• **YOUR OBJECTIVE**: Output all entries exactly; images excluded.

• **EXTRACTED MATERIAL**:
== Segment start ==

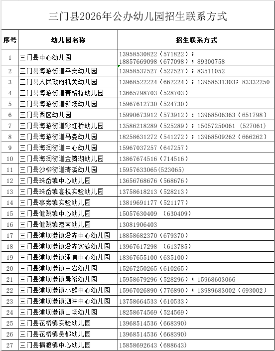 为贯彻落实《中华人民共和国学前教育法》《教育强国建设规划纲要(2024~2035年)》等法律和文件精神,切实规范幼儿园招生行为,结合我县实际,特制定三门县2026年幼儿园招生工作实施办法。
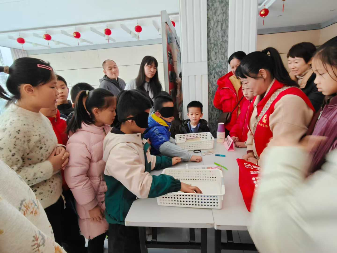 活动以沉浸式体验为核心,让孩子们在触摸、聆听与互动中,开启一场别样的“无障碍认知之旅”。活动伊始,盲文触摸阅读环节点燃了孩子们的好奇心,大家小心翼翼地伸出手指,触摸着盲文书籍与卡片上凹凸不平的点位,在志愿者的引导下,尝试识别简单的盲文数字、字母及“你好”“谢谢”等常用汉字,指尖的触感让孩子们对这种特殊的文字形式充满探索欲。
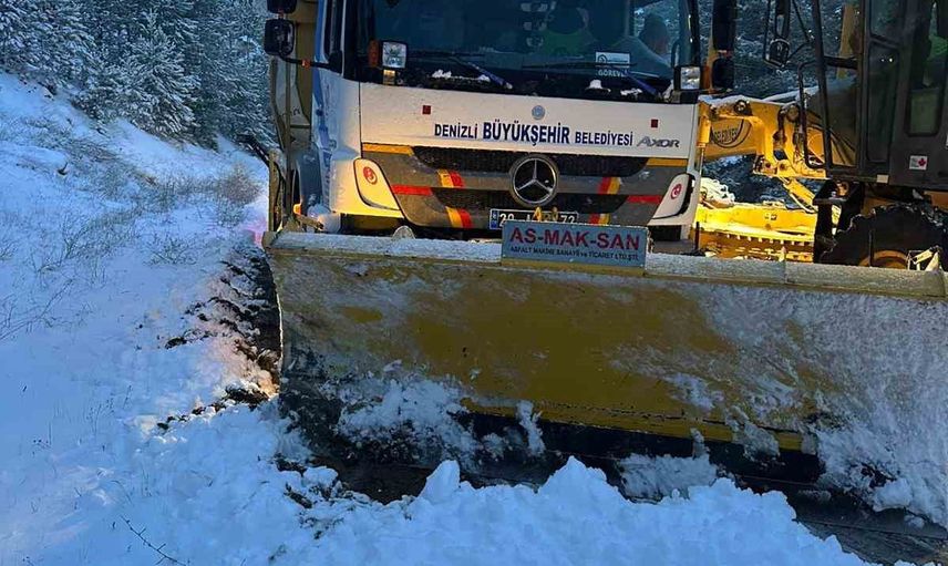 Denizli'de yüksek kesimlerde karla mücadele sürüyor
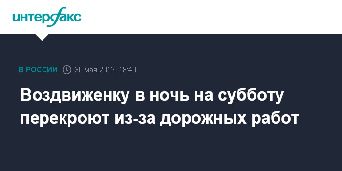 Москва. 30 мая. INTERFAX.RU - ГИБДД Москвы предупреждает о предстоящем в ночь на 2 июня перекрытии движения автотранспорта по улице Воздвиженка из-за ремонта асфальтового покрытия.
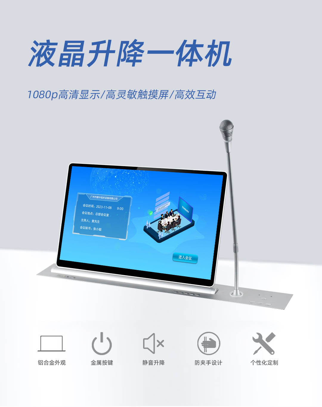 升降机高端铝合金型板材,磨边工艺设计,光滑防割手,表面采用CNC成型技术,电极氧化处理工艺;超薄高清IPS触摸显示屏;支持高清1920X1080@60Hz;人性化按键,充分做到简约,易用,可靠、耐用、可满足用户各种应用需求。
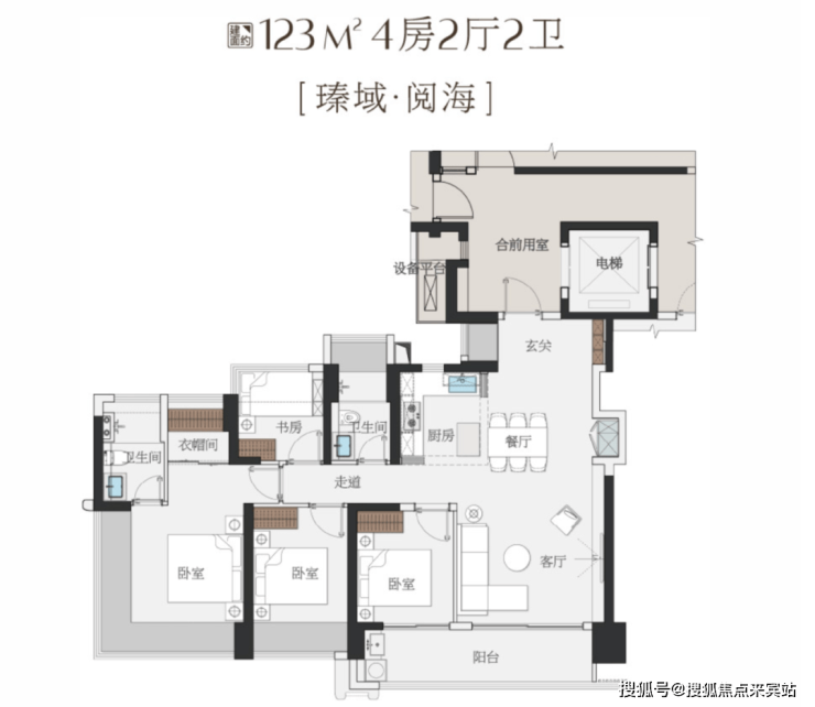 宝中核芯区的一线海景是难以复制的稀缺资源,项目最大化拉宽采光与观海面,超半数户型实现“头排海景舱”体验。其中建面约123㎡的四房,是含海量极高的低门槛海景户型,采用约17.8米超宽景观面设计,将前海湾壮阔海景、大铲岛轮廓与滨海文化公园绿意一并纳入室内。
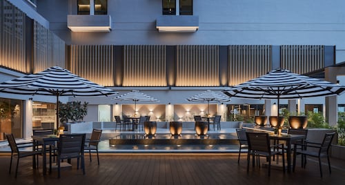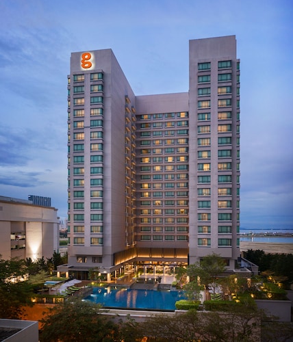 Gホテルは、ガーニー地区の海岸沿いに建つスタイリッシュなデラックスホテルです。広々としたロビーにはバーカウンターがあり、夜になると多くの人々に賑わっています。
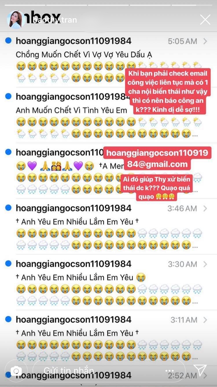 Mới đây, Bảo Thy bất ngờ “cầu cứu” cư dân mạng khi bị một fan cuồng “tấn công” lien tiếp vào hộp mail cá nhân. Theo như thời gian hiển thị có thể thấy nhân vật này không kể ngày đêm vẫn quyết liệt tỏ tình với cô. Bảo Thy bất lực: “Khi bạn phải check email công việc liên tục mà có 1 cha nội biến thái như vậy thì có nên báo công an không? Kinh dị dễ sợ!!“. Nghệ sĩ nhận được tình cảm từ khán giả là một hạnh phúc, tuy nhiên trường hợp này thì ai cũng phải “xách dép chạy dài” thôi!
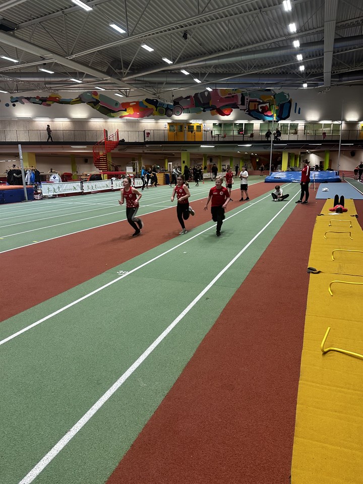 Hej! Igår hade vi en bra träning på Rimnershallen. Vi startade med att jogga runt i hallen. Därefter blev det vidare uppvärmning i form av olika aktiviteter såsom mångsteg, enbenshopp, vertikalhopp, flerstegshopp där vi in i mellan joggade tillbaka till startposition. Efter en kort vätskepaus blev det reaktionsstarter med avslut i tjockmatta. Därefter tog vi av oss skorna för att arbeta vidare med koordination och stegövningar på mjukmatta. Nu fokuserade vi på olika stegövningar och hoppkordinerade övningar med hjälp av låga häckar samt frekvensstege. I den förpubertala åldern är det mycket viktigt att arbeta med just koordination, vilket vi ofta fokuserar på i början av träningspassen. För att skona kropparna väljer vi att träna detta på mjukmatta och utan skor. Vi har även några barn med rehabövningar för både knä och hälsenor. Vi delade därför gruppen och lät de med rehabövningar köra detta istället för hopp. Är det så att era barn går hos fysioterapeut och har rehabövningar som ska göras som komplement till vanlig träning är det viktigt att ni meddelar oss detta så vi kan hjälpa barnen med detta under de ordinarie träningarna. Efter en kort vätskepaus blev det dags för genomgång av starter. "På edra platser, set, go" och hur rutinerna för detta ser ut under tävling. Barnen fick därefter köra ett par hela 60-meterslopp med korrekt start. Därefter delade vi upp barnen. Några sprang ett 800-meterslopp på bana medan en cyklade och fyra arbetade med medicinboll, antingen i par eller enskilt. Meddela gärna oss tränare om era barn har olika typer av åkommor som uppstått inför träningarna. Detta så vi vet om barnen behöver stå över en viss typ av aktivitet. Ibland märker vi att vissa övningar inte vill genomföras och då behöver vi sålla i om det endast är ovilja för just den typ av aktivitet eller faktiskt är en exempelvis skada. Grunden för träningen är att man är med på de övningar som planerats, utefter sina egna förutsättningar. Är man förkyld (sjuk) eller har så ont så man inte kan delta är man hemma. Eller om man har skador där man blivit ordinerad rehab så lägger vi in det i träningspasset för barnet. Ju mer info vi har desto bättre blir träningarna för era barn. Inom kort kommer mer info om lördagens tävling. Vi har själva inte fått tillgång till tidsprogram men lägger ut det så snart vi fått det till oss. På torsdag har vi fått tillgång till Rimnershallen så träningen förläggs även på torsdag till Rimnershallen. Vi ses där kl 17:15-18:30. Vänliga hälsningar Anna & Linda
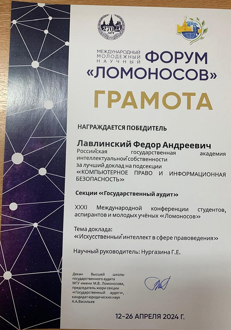 Студент 1 курса факультета УИС, активный участник СНО Федор Лавлинский стал победителем научного конкурса работ, выступив с докладом «Искусственный интеллект в сфере правоведения» в подсекции «Компьютерное право и информационная безопасность» (научный руководитель – доцент кафедры ЦЭиП Нургазина Г.Е.).
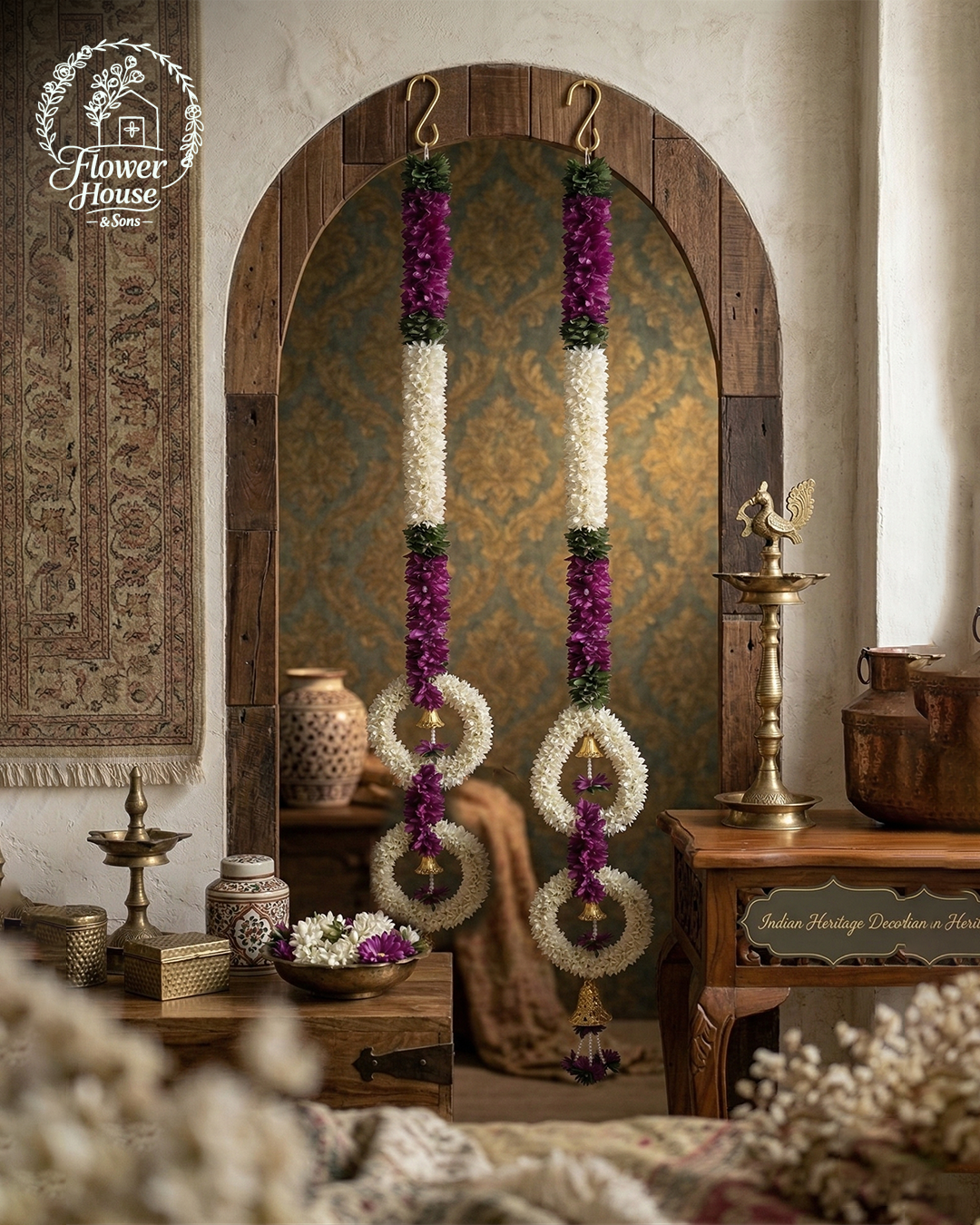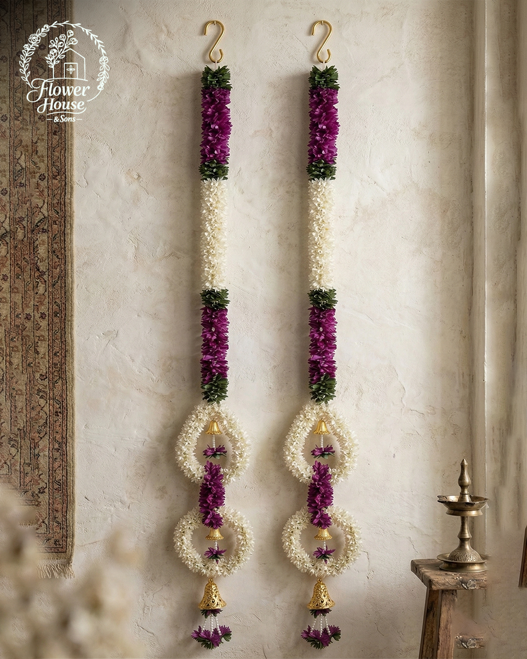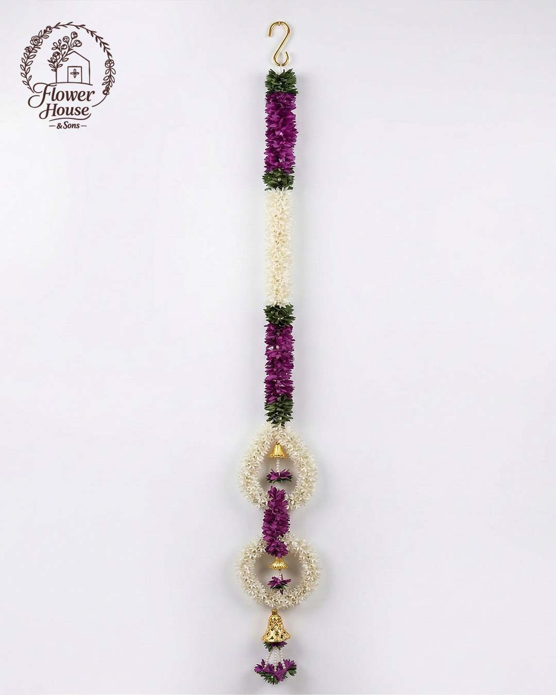 Add a touch of elegance to your home with the Ring No. R-803 handcrafted garlands. These 5-foot long decorative strings feature a unique alternating floral pattern and a festive bell finish, perfect for creating a high-end look at any entrance. Key Highlights: Rich Color Palette: A stunning combination of Deep Purple and Classic White blossoms with dark green leaf accents. Elegant Design: Features a vertical floral chain with integrated decorative rings and a Golden Bell (Ghungroo) finish at the bottom. Extra Long Reach: 5 Feet (150 cm) length—provides full, graceful coverage for main doors, walls, or wedding backdrops. Premium Quality:…
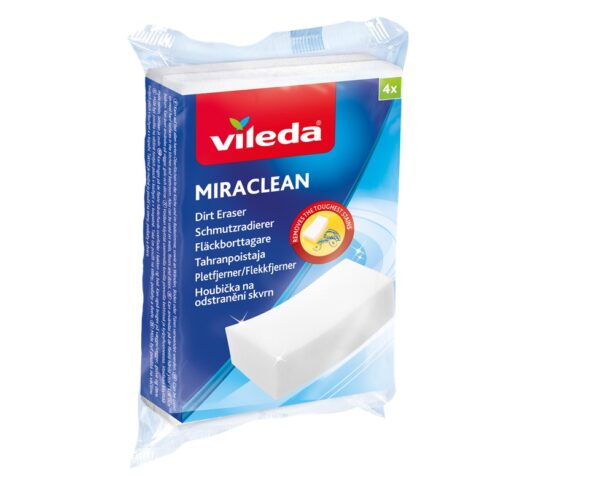 Zázračná houbička pro snadné odstraňování skvrn z většiny tvrdých povrchů pouze vodou. Není potřeba použití chemických prostředků. Tato houbička Vileda snadno odstraňuje skvrny od čaje, kávy, pera nebo vodní kámen. Může být použitá na většině tvrdých ploch v kuchyni a v koupelně. Lze ji použít také na stěny. Je složená ze 100% pryskyřice a čistí pouze vodou.
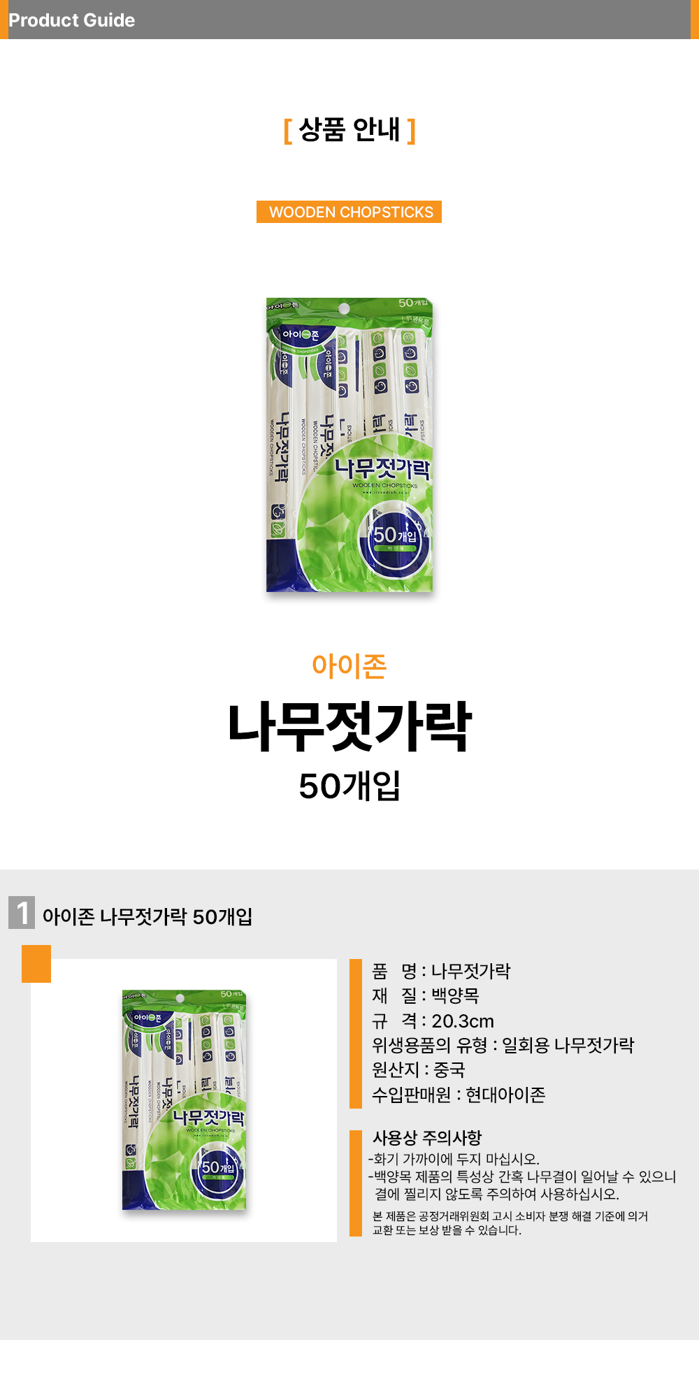 ■ 품명 및 모델명 : 나무젓가락 50매 20cm

== Segment end ==

• **SOLVED EXERCISE**:
 为贯彻落实《中华人民共和国学前教育法》《教育强国建设规划纲要(2024~2035年)》等法律和文件精神,切实规范幼儿园招生行为,结合我县实际,特制定三门县2026年幼儿园招生工作实施办法。
 活动以沉浸式体验为核心,让孩子们在触摸、聆听与互动中,开启一场别样的“无障碍认知之旅”。活动伊始,盲文触摸阅读环节点燃了孩子们的好奇心,大家小心翼翼地伸出手指,触摸着盲文书籍与卡片上凹凸不平的点位,在志愿者的引导下,尝试识别简单的盲文数字、字母及“你好”“谢谢”等常用汉字,指尖的触感让孩子们对这种特殊的文字形式充满探索欲。
 Denizli'de yüksek kesimlerde karla mücadele sürüyor
 Москва. 30 мая. INTERFAX.RU - ГИБДД Москвы предупреждает о предстоящем в ночь на 2 июня перекрытии движения автотранспорта по улице Воздвиженка из-за ремонта асфальтового покрытия.
 升降机高端铝合金型板材,磨边工艺设计,光滑防割手,表面采用CNC成型技术,电极氧化处理工艺;超薄高清IPS触摸显示屏;支持高清1920X1080@60Hz;人性化按键,充分做到简约,易用,可靠、耐用、可满足用户各种应用需求。
 宝中核芯区的一线海景是难以复制的稀缺资源,项目最大化拉宽采光与观海面,超半数户型实现“头排海景舱”体验。其中建面约123㎡的四房,是含海量极高的低门槛海景户型,采用约17.8米超宽景观面设计,将前海湾壮阔海景、大铲岛轮廓与滨海文化公园绿意一并纳入室内。
 Gホテルは、ガーニー地区の海岸沿いに建つスタイリッシュなデラックスホテルです。広々としたロビーにはバーカウンターがあり、夜になると多くの人々に賑わっています。
 Mới đây, Bảo Thy bất ngờ “cầu cứu” cư dân mạng khi bị một fan cuồng “tấn công” lien tiếp vào hộp mail cá nhân. Theo như thời gian hiển thị có thể thấy nhân vật này không kể ngày đêm vẫn quyết liệt tỏ tình với cô. Bảo Thy bất lực: “Khi bạn phải check email công việc liên tục mà có 1 cha nội biến thái như vậy thì có nên báo công an không? Kinh dị dễ sợ!!“. Nghệ sĩ nhận được tình cảm từ khán giả là một hạnh phúc, tuy nhiên trường hợp này thì ai cũng phải “xách dép chạy dài” thôi!
 Hej! Igår hade vi en bra träning på Rimnershallen. Vi startade med att jogga runt i hallen. Därefter blev det vidare uppvärmning i form av olika aktiviteter såsom mångsteg, enbenshopp, vertikalhopp, flerstegshopp där vi in i mellan joggade tillbaka till startposition. Efter en kort vätskepaus blev det reaktionsstarter med avslut i tjockmatta. Därefter tog vi av oss skorna för att arbeta vidare med koordination och stegövningar på mjukmatta. Nu fokuserade vi på olika stegövningar och hoppkordinerade övningar med hjälp av låga häckar samt frekvensstege. I den förpubertala åldern är det mycket viktigt att arbeta med just koordination, vilket vi ofta fokuserar på i början av träningspassen. För att skona kropparna väljer vi att träna detta på mjukmatta och utan skor. Vi har även några barn med rehabövningar för både knä och hälsenor. Vi delade därför gruppen och lät de med rehabövningar köra detta istället för hopp. Är det så att era barn går hos fysioterapeut och har rehabövningar som ska göras som komplement till vanlig träning är det viktigt att ni meddelar oss detta så vi kan hjälpa barnen med detta under de ordinarie träningarna. Efter en kort vätskepaus blev det dags för genomgång av starter. "På edra platser, set, go" och hur rutinerna för detta ser ut under tävling. Barnen fick därefter köra ett par hela 60-meterslopp med korrekt start. Därefter delade vi upp barnen. Några sprang ett 800-meterslopp på bana medan en cyklade och fyra arbetade med medicinboll, antingen i par eller enskilt. Meddela gärna oss tränare om era barn har olika typer av åkommor som uppstått inför träningarna. Detta så vi vet om barnen behöver stå över en viss typ av aktivitet. Ibland märker vi att vissa övningar inte vill genomföras och då behöver vi sålla i om det endast är ovilja för just den typ av aktivitet eller faktiskt är en exempelvis skada. Grunden för träningen är att man är med på de övningar som planerats, utefter sina egna förutsättningar. Är man förkyld (sjuk) eller har så ont så man inte kan delta är man hemma. Eller om man har skador där man blivit ordinerad rehab så lägger vi in det i träningspasset för barnet. Ju mer info vi har desto bättre blir träningarna för era barn. Inom kort kommer mer info om lördagens tävling. Vi har själva inte fått tillgång till tidsprogram men lägger ut det så snart vi fått det till oss. På torsdag har vi fått tillgång till Rimnershallen så träningen förläggs även på torsdag till Rimnershallen. Vi ses där kl 17:15-18:30. Vänliga hälsningar Anna & Linda
 Студент 1 курса факультета УИС, активный участник СНО Федор Лавлинский стал победителем научного конкурса работ, выступив с докладом «Искусственный интеллект в сфере правоведения» в подсекции «Компьютерное право и информационная безопасность» (научный руководитель – доцент кафедры ЦЭиП Нургазина Г.Е.).
 Add a touch of elegance to your home with the Ring No. R-803 handcrafted garlands. These 5-foot long decorative strings feature a unique alternating floral pattern and a festive bell finish, perfect for creating a high-end look at any entrance. Key Highlights: Rich Color Palette: A stunning combination of Deep Purple and Classic White blossoms with dark green leaf accents. Elegant Design: Features a vertical floral chain with integrated decorative rings and a Golden Bell (Ghungroo) finish at the bottom. Extra Long Reach: 5 Feet (150 cm) length—provides full, graceful coverage for main doors, walls, or wedding backdrops. Premium Quality:…
 Zázračná houbička pro snadné odstraňování skvrn z většiny tvrdých povrchů pouze vodou. Není potřeba použití chemických prostředků. Tato houbička Vileda snadno odstraňuje skvrny od čaje, kávy, pera nebo vodní kámen. Může být použitá na většině tvrdých ploch v kuchyni a v koupelně. Lze ji použít také na stěny. Je složená ze 100% pryskyřice a čistí pouze vodou.
 ■ 품명 및 모델명 : 나무젓가락 50매 20cm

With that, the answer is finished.